MARKET GUIDE: Noryangjin Fisheries Wholesale Market

Noryangjin Fisheries Wholesale Market is liveliest before dawn. The wholesale and retail fish market comes alive with tons of wriggling seafood, pungent smells and crowds of people, stomping through the muck.


The action is especially heated at one corner of the warehouse, near Noryangjin subway station. Hundreds of people are focused on the auction phase of the fishery business cycle. The 3 to 7 a.m. fish auction is vital to seafood businesses and fiercely competitive.

All the key players - wholesale brokers, large restaurateurs and market management - gather around yellow crates, like hawks circling their prey. The freshest seafood to be found anywhere in Seoul is squirming in the crates, and only the highest bidder will walk out victorious.

On Wednesday, 4,600 kilograms of perch (nong-eo), flatfish (gwang-eo), flounder (neobchi), mullet (sung-eo) and other seafood were auctioned off.
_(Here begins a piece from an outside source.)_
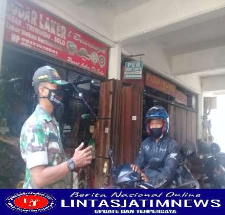 SURAKARTA Pagomex – Bertempat di Pasar Triwindu jln Diponegoro kelurahan Keprabon kecamatan Banjarsari, Babinsa Kelurahan Keprabon Koramil 02/Banjarsari Kodim 0735/Surakarta Serka Daniel dan Serda Sugiyanto melaksanakan kegiatan himbauan protokol kesehatan (Prokes) kepada warga masyarakat, Rabu (08/06/2022)
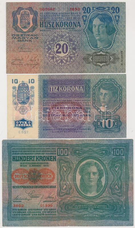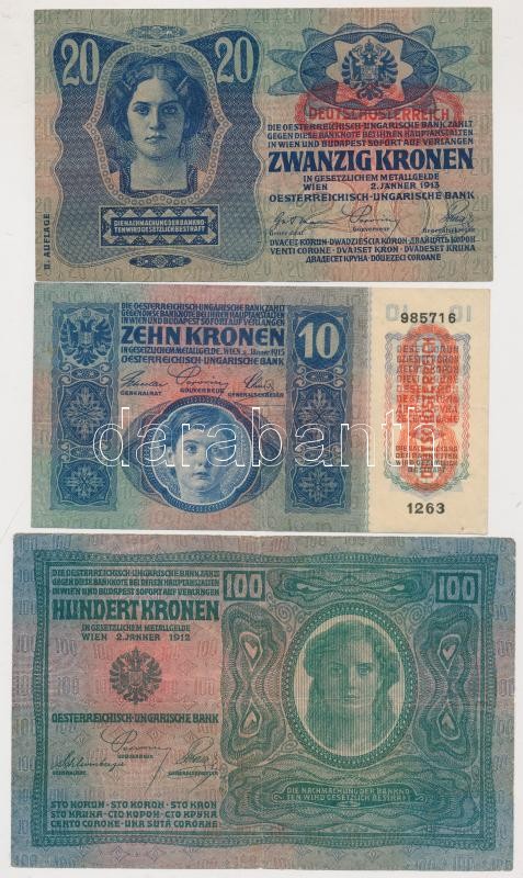 Beschreibung: 1912. 100K mindkét oldal német + 1913. 20K II. kiadás + 1915. 10K mindegyeik piros "Deutschösterreich" felülbélyegzéssel T:III (egyiken kis lyukak)

Normally, 6,000 to 8,000 kg are sold, but "business tapers off around Jeongwoldaeboreum (the holiday celebrating the first full moon after Lunar New Year) and the economy is slowing down," according to Shin Man-ho, a sales manager at the market.

During the winter, bidders are wrapped in dark padded jackets with their pants tucked into rubber boots. They're identifiable by the numbers on their caps and their personal bidding style, which is somewhat of an art form. The auctioning is like a secret language understood only by a close-knit community.

When the price is right, a bidder signals to the auctioneer, using the flap of his jacket to hide his flickering fingers from inquisitive eyes. Another pretends to wipe the brim of his cap, secretly flashing a number against his ear. When the bidding gets fierce, arms start to flail in the air and onlookers begin to clap and stomp their feet.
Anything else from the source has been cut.